In practice, this means that when a developer submits a pull request, they are not just tested for functionality and performance, but also for resilience against defined failure modes.

Embedding Game Days in the Pipeline

So how would you automate disaster simulations in a pipeline?

Define failure scenarios as code. A scenario might be “simulate loss of database connectivity for 60 seconds” or “introduce 300ms latency between service A and service B”. These are stored as artefacts in a repo, just like Terraform or Helm charts.
Trigger scenarios in CI/CD. After deploying to a staging or ephemeral environment, the pipeline runs selected chaos experiments. For critical services, a subset can even be run in production with safeguards.
Measure system response. The pipeline doesn’t just introduce failure; it checks whether the system recovers. Observability is key here. If error budgets, SLOs, or recovery times are violated, the pipeline fails.
Automated rollback or block. Just as a failing test blocks a release, a failing resilience check can trigger rollback or prevent promotion to higher environments.
Report and learn. Results are published as part of pipeline reports, showing not only test outcomes but also resilience scores over time.

The entire cycle is hands-off. Engineers define failures once, and pipelines re-run them continuously.

YAML Based Scenario

For this scenario, imagine we want to test that a service can handle a temporary cache outage. Our Game Day as Code spec might look like this:

apiVersion: gameday/v1
kind: Scenario
metadata:
  name: cache-outage
spec:
  target: redis-cluster
  action: stop
  duration: 60s
  successCriteria:
    - type: metric
      name: http_request_success_rate
      threshold: 95%
    - type: recovery
      maxTime: 120s

This declares that for 60 seconds, the Redis cluster should be stopped. The pipeline will verify that the application maintains at least 95% successful requests and that recovery occurs within two minutes. If either condition fails, the build fails.

Tools like LitmusChaos, Chaos Mesh, or Gremlin already provide the primitives to run such experiments. The key difference with Game Day as Code is that these definitions are checked in, versioned, and executed automatically inside CI/CD.

Testing People and Processes

Classic game days were not just about systems but also about people. How did teams respond to alerts? How quickly did they identify the problem? Did documentation help? With automation, it is tempting to focus purely on systems. But Game Day as Code can and should extend to people. For example, pipelines can trigger alerts during chaos experiments. PagerDuty or Teams notifications can simulate real incidents, and teams can be measured on response times. Runbooks can be tested automatically, if an alert points to outdated instructions, that becomes visible immediately. In this way, human processes are also validated regularly.

Guardrails

Running chaos on every build sounds terrifying. But safeguards exist:

Blast radius control: start small, with experiments confined to staging or non critical services.
Kill switches: always allow immediate stop of a scenario if it causes unintended impact.
Progressive rollout: run chaos first in CI, then staging, then production at small scale.
Error budgets as gatekeepers: only run chaos in production if error budgets are healthy.

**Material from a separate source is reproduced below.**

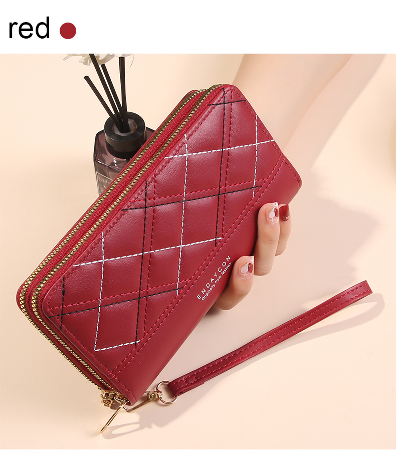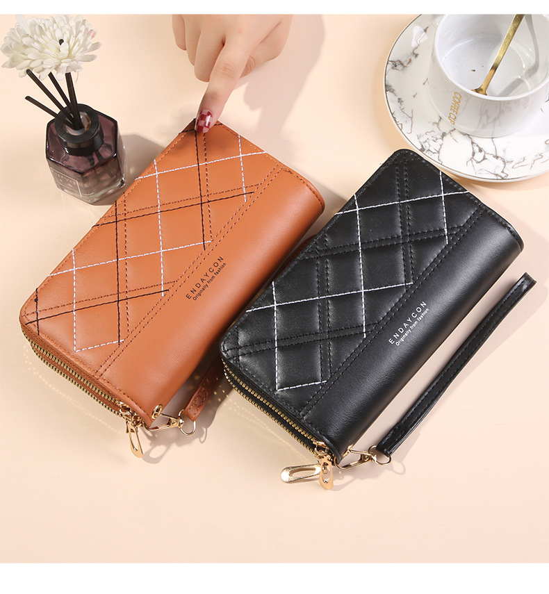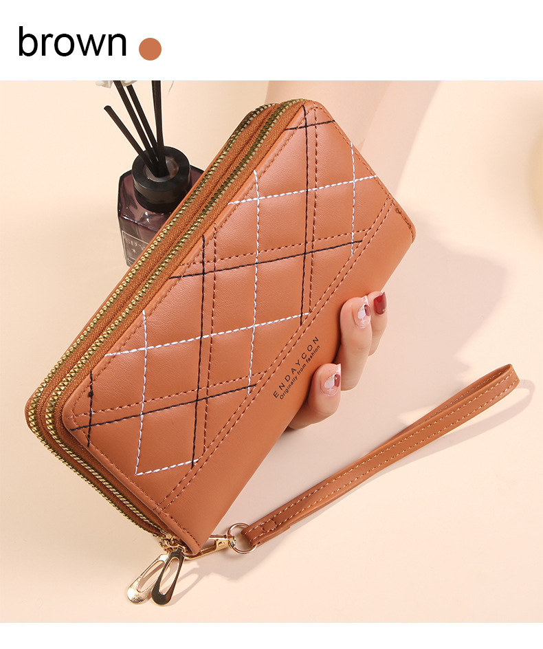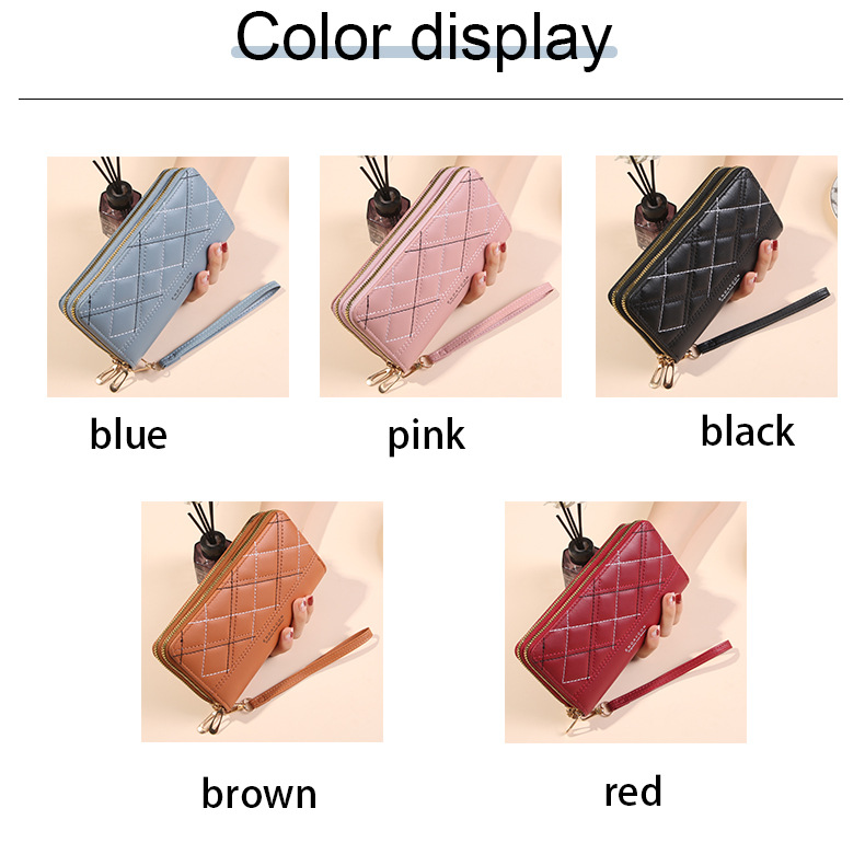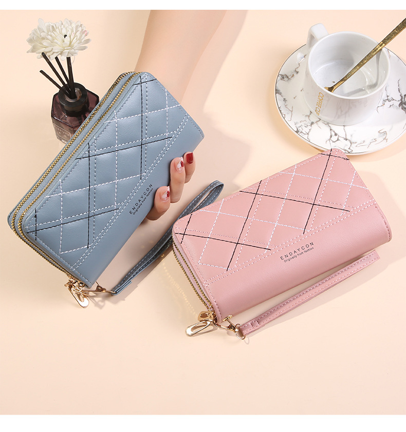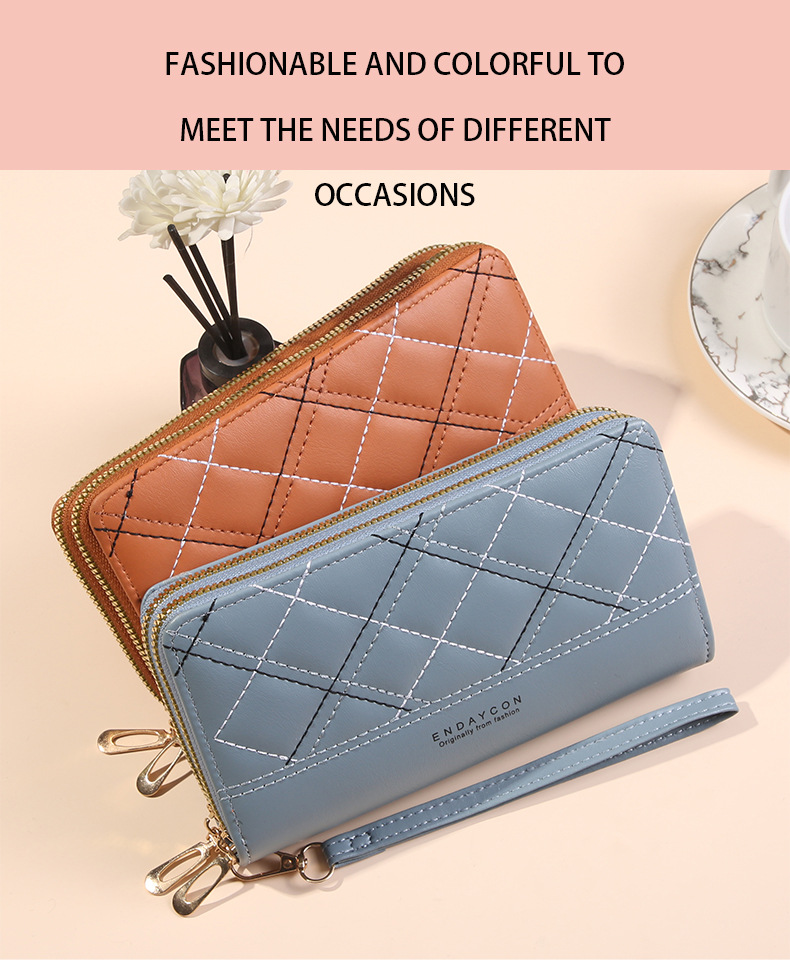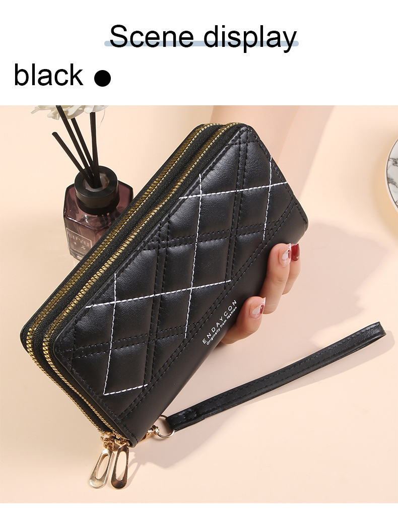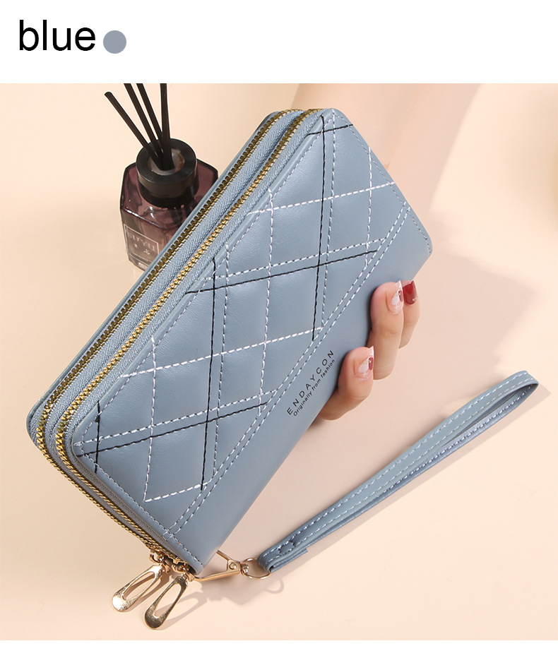 여성 단순 자수 더블 지퍼 한국 스타일 2025 새로운 도착 휴대용 휴대 전화 가방 대용량 더블 레이어 지갑스토어 가기
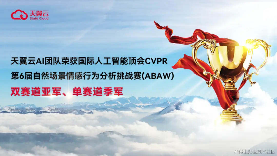 近日,国际人工智能顶会CVPR 2024举办的第6届自然场景情感行为分析挑战赛(6th Workshop and Competition on Affective Behavior Analysis in-the-wild,简称ABAW)公布比赛结果,天翼云AI团队(CtyunAI)在情感识别任务中表现出色,斩获双赛道亚军、单个赛道季军,并受邀在CVPR ABAW研讨会上作论文分享。这是继天翼云在CVPR中荣获多次佳绩后再一次斩获殊荣。

With these guardrails, you can safely embed chaos in pipelines without jeopardising reliability.

Perhaps the greatest impact of Game Day as Code is cultural. When resilience checks are automated, they become normal. Engineers stop fearing outages because they encounter them daily in safe environments. Recovery becomes muscle memory, not panic. You shift from reactive firefighting to proactive design. Stakeholders gains confidence. Instead of hoping the system will survive a disaster, they know it has survived dozens of simulated ones during the last release cycle. The natural evolution of Game Day as Code is towards self-healing pipelines. A system that fails a chaos test could automatically generate a ticket, trigger a remediation script, or even propose code changes using AI driven analysis. In time, pipelines might not just simulate outages but also adapt architectures in response, ensuring resilience evolves continuously.